____ Data provided

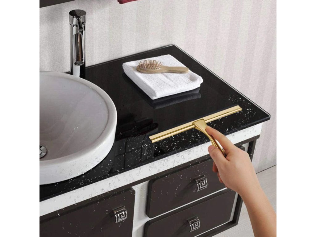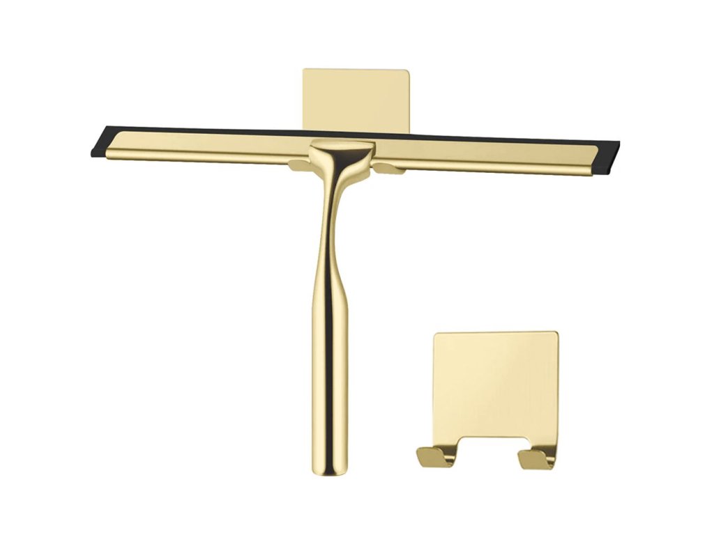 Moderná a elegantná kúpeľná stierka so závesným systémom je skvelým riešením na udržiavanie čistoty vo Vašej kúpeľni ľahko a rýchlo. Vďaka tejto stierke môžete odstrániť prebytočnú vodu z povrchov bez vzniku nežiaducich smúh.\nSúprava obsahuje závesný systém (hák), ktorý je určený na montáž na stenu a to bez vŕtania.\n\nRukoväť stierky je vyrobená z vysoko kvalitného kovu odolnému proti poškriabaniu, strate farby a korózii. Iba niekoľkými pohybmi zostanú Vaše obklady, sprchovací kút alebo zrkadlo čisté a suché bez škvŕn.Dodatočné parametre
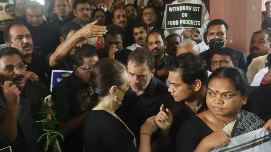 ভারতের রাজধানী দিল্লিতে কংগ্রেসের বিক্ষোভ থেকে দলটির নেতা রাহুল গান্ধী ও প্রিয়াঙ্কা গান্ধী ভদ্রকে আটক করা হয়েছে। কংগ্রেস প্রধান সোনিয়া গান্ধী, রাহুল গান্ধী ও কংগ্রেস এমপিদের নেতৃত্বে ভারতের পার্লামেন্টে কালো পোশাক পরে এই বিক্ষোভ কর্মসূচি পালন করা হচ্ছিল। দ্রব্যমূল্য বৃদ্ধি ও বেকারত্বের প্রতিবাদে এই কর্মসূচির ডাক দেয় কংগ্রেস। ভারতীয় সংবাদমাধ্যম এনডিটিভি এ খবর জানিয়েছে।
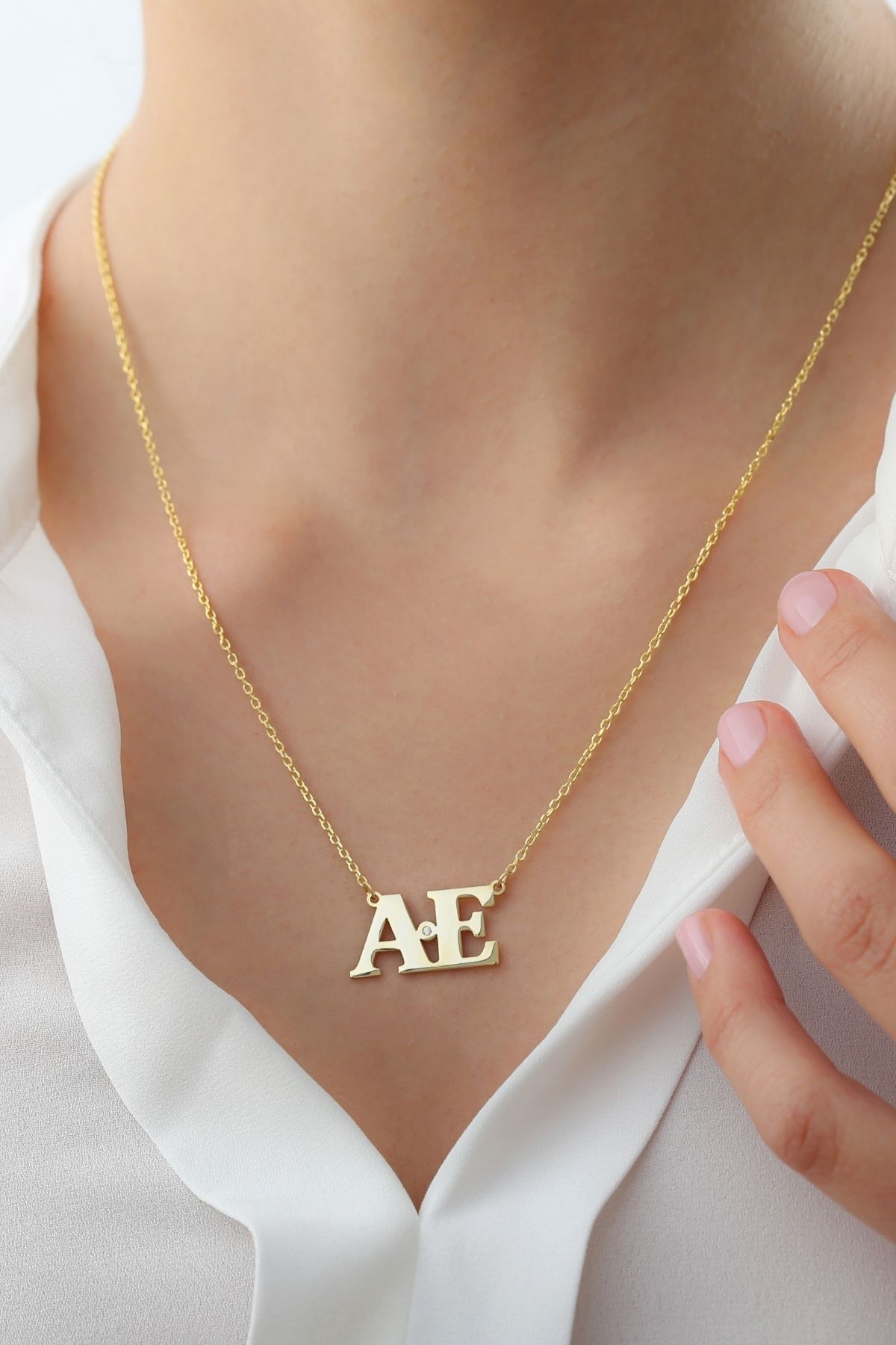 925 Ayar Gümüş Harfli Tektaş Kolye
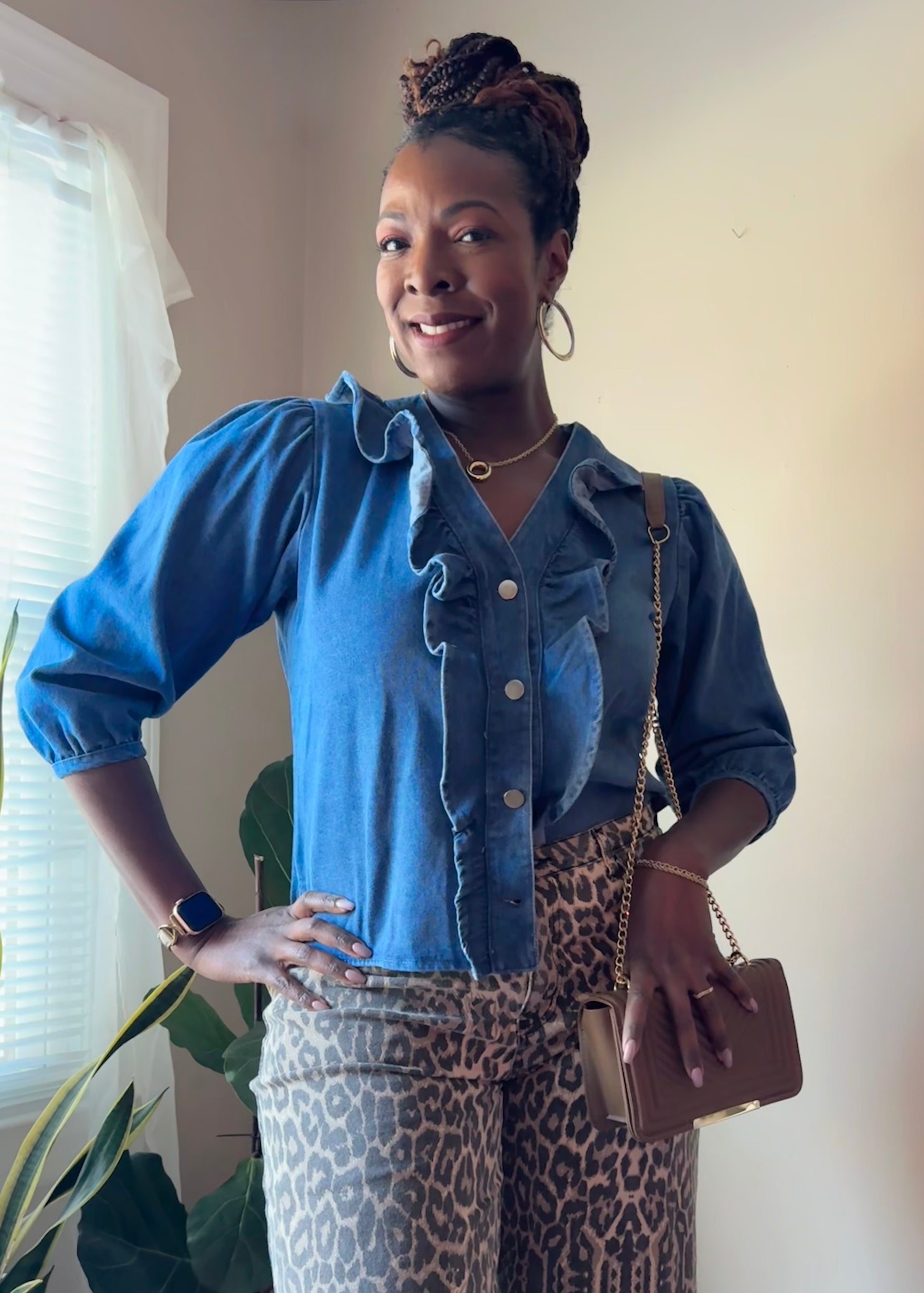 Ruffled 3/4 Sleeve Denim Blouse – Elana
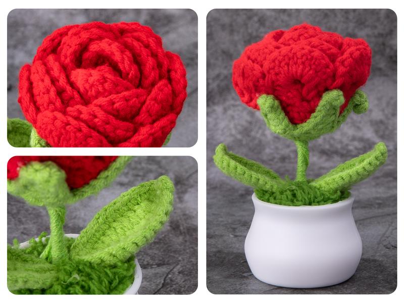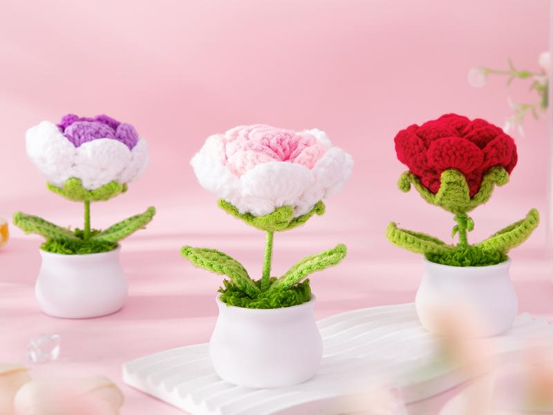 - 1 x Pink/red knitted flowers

________

For every entry above, write it out exactly and remove any image.

 Moderná a elegantná kúpeľná stierka so závesným systémom je skvelým riešením na udržiavanie čistoty vo Vašej kúpeľni ľahko a rýchlo. Vďaka tejto stierke môžete odstrániť prebytočnú vodu z povrchov bez vzniku nežiaducich smúh.\nSúprava obsahuje závesný systém (hák), ktorý je určený na montáž na stenu a to bez vŕtania.\n\nRukoväť stierky je vyrobená z vysoko kvalitného kovu odolnému proti poškriabaniu, strate farby a korózii. Iba niekoľkými pohybmi zostanú Vaše obklady, sprchovací kút alebo zrkadlo čisté a suché bez škvŕn.Dodatočné parametre
 ভারতের রাজধানী দিল্লিতে কংগ্রেসের বিক্ষোভ থেকে দলটির নেতা রাহুল গান্ধী ও প্রিয়াঙ্কা গান্ধী ভদ্রকে আটক করা হয়েছে। কংগ্রেস প্রধান সোনিয়া গান্ধী, রাহুল গান্ধী ও কংগ্রেস এমপিদের নেতৃত্বে ভারতের পার্লামেন্টে কালো পোশাক পরে এই বিক্ষোভ কর্মসূচি পালন করা হচ্ছিল। দ্রব্যমূল্য বৃদ্ধি ও বেকারত্বের প্রতিবাদে এই কর্মসূচির ডাক দেয় কংগ্রেস। ভারতীয় সংবাদমাধ্যম এনডিটিভি এ খবর জানিয়েছে।
 925 Ayar Gümüş Harfli Tektaş Kolye
 Ruffled 3/4 Sleeve Denim Blouse – Elana
 - 1 x Pink/red knitted flowers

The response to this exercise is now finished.